§ **TRY IT**:
Look below for the line with "الفصل الدراسى الثانى للعام الجامعى 2018-2019"; begin the copy there and stop after the line with "Umięjętności adresowania, wyszukiwania", keeping the text exact and the pictures out.

::: RECORDS PROVIDED :::

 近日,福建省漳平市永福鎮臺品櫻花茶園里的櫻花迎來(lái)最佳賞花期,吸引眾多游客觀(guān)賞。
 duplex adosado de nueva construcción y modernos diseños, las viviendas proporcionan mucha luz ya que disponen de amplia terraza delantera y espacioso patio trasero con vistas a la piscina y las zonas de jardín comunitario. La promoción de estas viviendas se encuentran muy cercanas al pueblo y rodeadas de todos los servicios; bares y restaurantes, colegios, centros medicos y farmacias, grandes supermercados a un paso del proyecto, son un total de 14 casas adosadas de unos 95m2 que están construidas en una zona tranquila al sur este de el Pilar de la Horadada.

:::
::: RECORDS PROVIDED :::

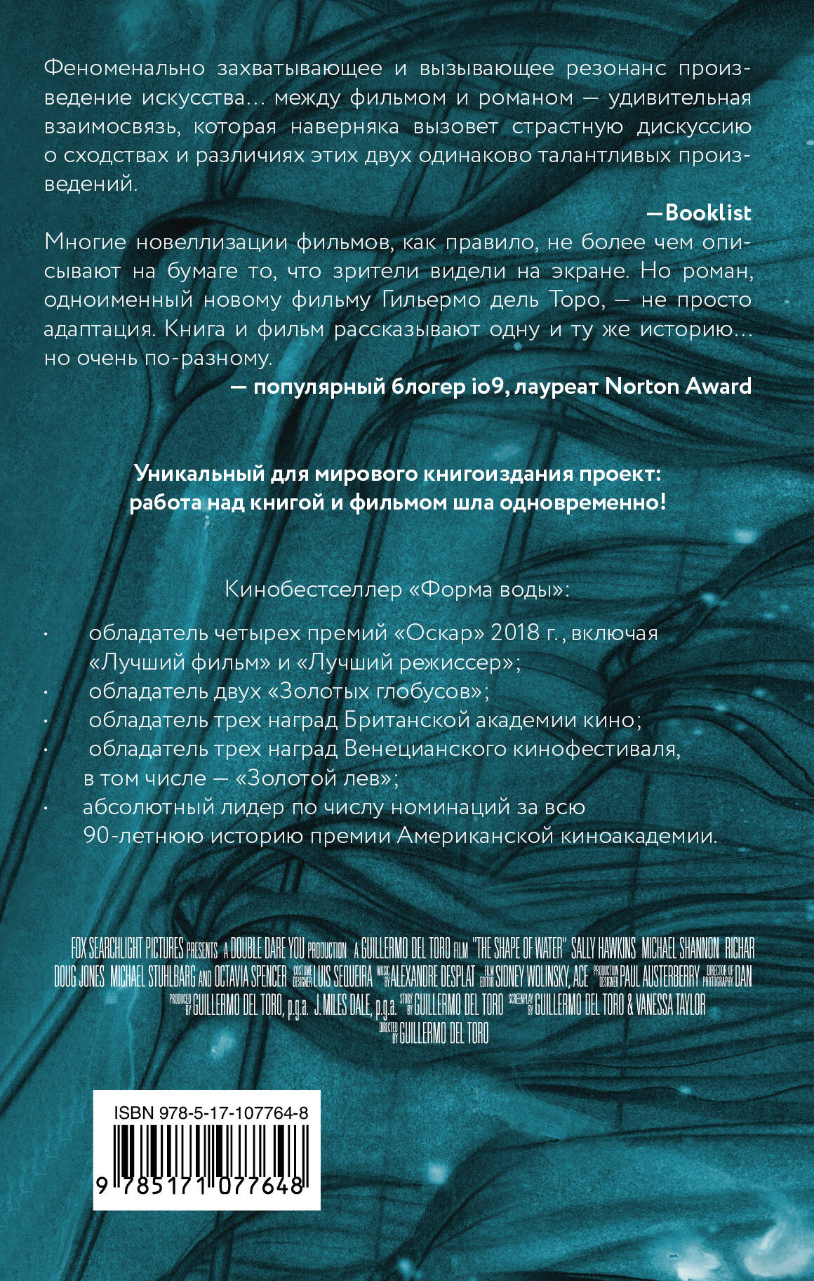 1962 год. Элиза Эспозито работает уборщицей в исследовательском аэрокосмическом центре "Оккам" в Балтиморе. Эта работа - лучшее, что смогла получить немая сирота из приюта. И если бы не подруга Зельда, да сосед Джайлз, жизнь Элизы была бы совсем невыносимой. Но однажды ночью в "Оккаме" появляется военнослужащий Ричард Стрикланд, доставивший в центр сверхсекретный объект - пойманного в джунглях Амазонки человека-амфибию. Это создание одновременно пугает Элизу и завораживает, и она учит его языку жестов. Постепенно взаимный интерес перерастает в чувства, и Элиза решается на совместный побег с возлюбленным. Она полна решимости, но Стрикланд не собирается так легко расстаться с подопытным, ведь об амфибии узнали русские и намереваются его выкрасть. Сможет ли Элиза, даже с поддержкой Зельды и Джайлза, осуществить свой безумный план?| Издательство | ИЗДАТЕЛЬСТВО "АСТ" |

:::
::: RECORDS PROVIDED :::

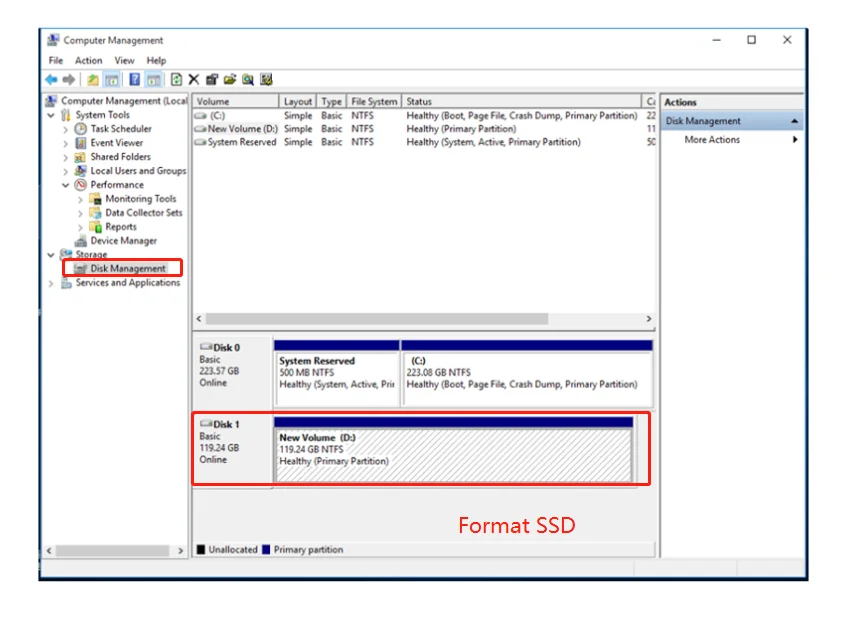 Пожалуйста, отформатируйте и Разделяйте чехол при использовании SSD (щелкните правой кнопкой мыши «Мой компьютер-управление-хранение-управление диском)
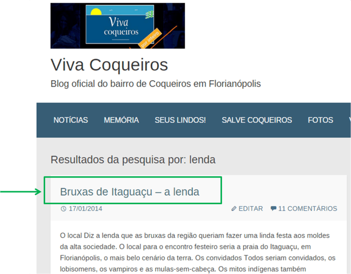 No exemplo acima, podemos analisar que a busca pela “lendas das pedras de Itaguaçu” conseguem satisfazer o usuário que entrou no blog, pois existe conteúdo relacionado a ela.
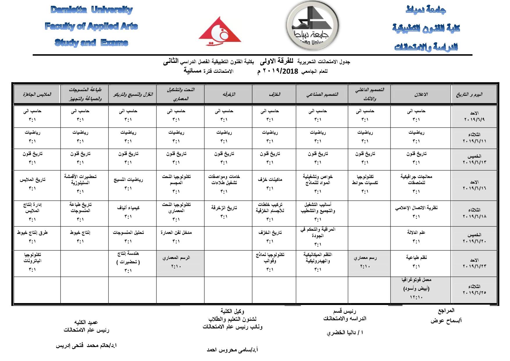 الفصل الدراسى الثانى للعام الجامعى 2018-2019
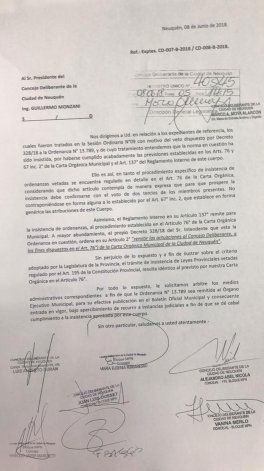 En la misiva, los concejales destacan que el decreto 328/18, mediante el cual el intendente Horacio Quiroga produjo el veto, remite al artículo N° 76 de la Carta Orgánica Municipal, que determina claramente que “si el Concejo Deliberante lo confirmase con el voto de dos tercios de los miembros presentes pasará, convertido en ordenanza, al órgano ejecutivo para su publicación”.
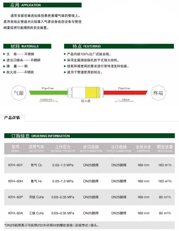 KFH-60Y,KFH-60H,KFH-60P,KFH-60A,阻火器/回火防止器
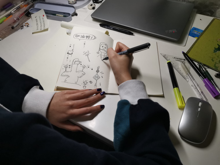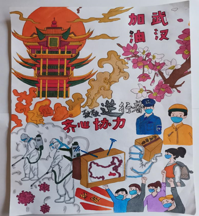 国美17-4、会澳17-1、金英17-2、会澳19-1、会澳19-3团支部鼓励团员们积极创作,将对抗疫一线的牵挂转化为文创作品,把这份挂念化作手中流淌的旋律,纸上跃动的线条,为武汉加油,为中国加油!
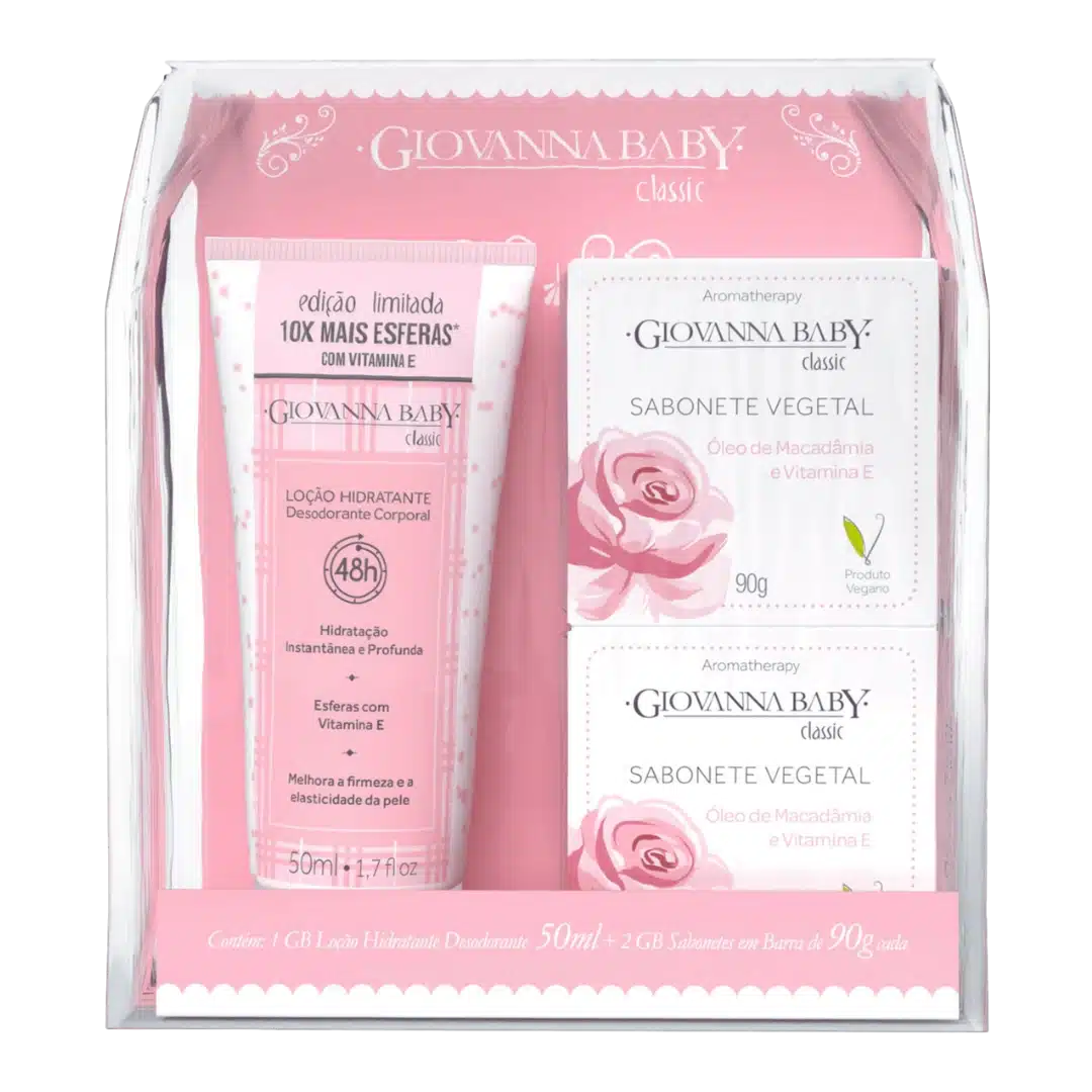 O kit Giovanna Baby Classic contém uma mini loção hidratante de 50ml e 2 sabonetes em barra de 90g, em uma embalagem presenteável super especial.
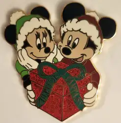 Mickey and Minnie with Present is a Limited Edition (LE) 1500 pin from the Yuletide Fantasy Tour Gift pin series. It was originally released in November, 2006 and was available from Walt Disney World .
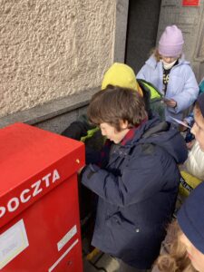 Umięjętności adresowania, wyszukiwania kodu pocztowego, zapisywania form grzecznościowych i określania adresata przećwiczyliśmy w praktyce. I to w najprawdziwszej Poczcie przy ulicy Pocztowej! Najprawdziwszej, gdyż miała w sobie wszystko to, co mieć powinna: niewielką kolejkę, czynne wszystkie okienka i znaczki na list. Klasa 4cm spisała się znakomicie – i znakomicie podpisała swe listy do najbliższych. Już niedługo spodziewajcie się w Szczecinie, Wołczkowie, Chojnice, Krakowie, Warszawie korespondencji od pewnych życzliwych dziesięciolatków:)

:::

§ **YOUR RESPONSE**:
 الفصل الدراسى الثانى للعام الجامعى 2018-2019
 En la misiva, los concejales destacan que el decreto 328/18, mediante el cual el intendente Horacio Quiroga produjo el veto, remite al artículo N° 76 de la Carta Orgánica Municipal, que determina claramente que “si el Concejo Deliberante lo confirmase con el voto de dos tercios de los miembros presentes pasará, convertido en ordenanza, al órgano ejecutivo para su publicación”.
 KFH-60Y,KFH-60H,KFH-60P,KFH-60A,阻火器/回火防止器
 国美17-4、会澳17-1、金英17-2、会澳19-1、会澳19-3团支部鼓励团员们积极创作,将对抗疫一线的牵挂转化为文创作品,把这份挂念化作手中流淌的旋律,纸上跃动的线条,为武汉加油,为中国加油!
 O kit Giovanna Baby Classic contém uma mini loção hidratante de 50ml e 2 sabonetes em barra de 90g, em uma embalagem presenteável super especial.
 Mickey and Minnie with Present is a Limited Edition (LE) 1500 pin from the Yuletide Fantasy Tour Gift pin series. It was originally released in November, 2006 and was available from Walt Disney World .
 Umięjętności adresowania, wyszukiwania kodu pocztowego, zapisywania form grzecznościowych i określania adresata przećwiczyliśmy w praktyce. I to w najprawdziwszej Poczcie przy ulicy Pocztowej! Najprawdziwszej, gdyż miała w sobie wszystko to, co mieć powinna: niewielką kolejkę, czynne wszystkie okienka i znaczki na list. Klasa 4cm spisała się znakomicie – i znakomicie podpisała swe listy do najbliższych. Już niedługo spodziewajcie się w Szczecinie, Wołczkowie, Chojnice, Krakowie, Warszawie korespondencji od pewnych życzliwych dziesięciolatków:)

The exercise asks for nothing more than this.